The globalisation of knowledge and educational products and services means that all countries can, in principle, be both providers and consumers. However, given the existence of greater production capacity, powerful alliances, and high volume markets, it seems more likely that larger developed countries (and to some extent, larger developing countries) rather than small developing countries will become the major producers of distance education products and services. By using division of labour (some people developing learning materials, others supporting students, others providing logistic support, etc.) and the specialisation that this permits, the 'mega-universities' (Daniel, 1996) have been able to develop a model of supported open learning which can operate flexibly at large scale, with low costs and high quality. This can pose an economic, political and cultural threat to small developing countries and small states (UWIDEC, 2000, p.6). Small state economies such as those of Swaziland and the Caribbean find it difficult to respond because their inability to access economies of scale make "the creation and delivery of distance material constitute a substantial investment, which is difficult to quantify and equally difficult to recoup" (Morgan, 2000, p.107).There are those who fear that globalised open and distance education will amount to cultural importation/invasion/imperialism (Evans, 1995b, pp.314-315).

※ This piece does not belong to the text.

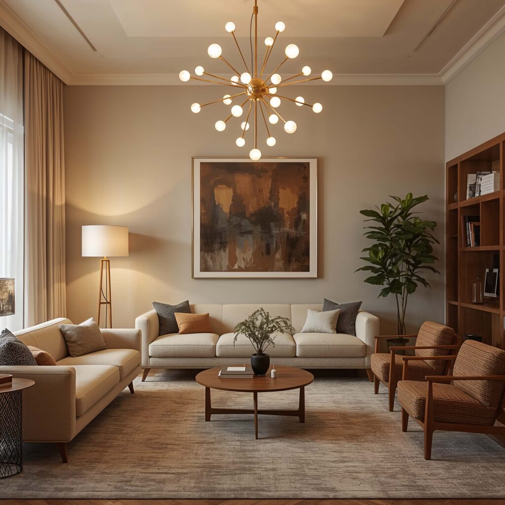 Lighting can make or break your mid century modern living room. Ever walked into a space with harsh overhead lighting and felt like you’re in an interrogation room? Yeah, that’s not the vibe we’re going for.

The particular social, cultural and political context may also make it difficult for small state economies to introduce distance education. Morgan (2000, p.107) points out that although distance delivery is ideally suited to the island chain of the Caribbean, "there is still the propensity to treat this mode as the despised poor relation of face-to-face teaching". Perraton (1983) makes the more general point that the success or failure of a distance education project will depend at least as much on its political context as on its methods because

The ways in which distance teaching is used are, of course, politically and culturally determined. If, for example, society rewards credentials and the diploma disease is rife, then it is extremely difficult for a distance-teaching institution to set off in a different direction... Distance-teaching institutions inevitably reflect the values of their societies... (Perraton, 1983, p.36).

Organizational culture can also affect the success or failure of a distance education project. Morgan (2000, p.108) describes the introduction of distance education at the University of the West Indies as "fraught with difficulties, ranging from lack of conviction as to the viability of the distance mode, to the disparity between the responsibility placed on the Distance Education Centre and its funding and positioning within the university structure".

ICTs make possible new learning environments. In Australia, online and videoconferencing systems are being developed as alternatives to face-to-face communication where the people are physically dispersed. The alternative learning/teaching approaches using ICTs include: the Internet (facilitating synchronous and asynchronous interactions between learners); video-conferencing (facilitating tutorials comprising distributed groups of students, and also remote access to live lectures); digital libraries (as knowledge repositories); computer simulation (substitutes for laboratories); and many others (Evans & Nation, 1993; Evans & Newell, 1993; Asensio, et al, 2000; Jegede, 2000; McAlpine, 2000; Devi, 2001; Williams et al, 2001; Discenza, et al, 2002; Ruth, 2002). Overall, these new technologies create a learning environment in which learners, tutors and learning resources can all be networked.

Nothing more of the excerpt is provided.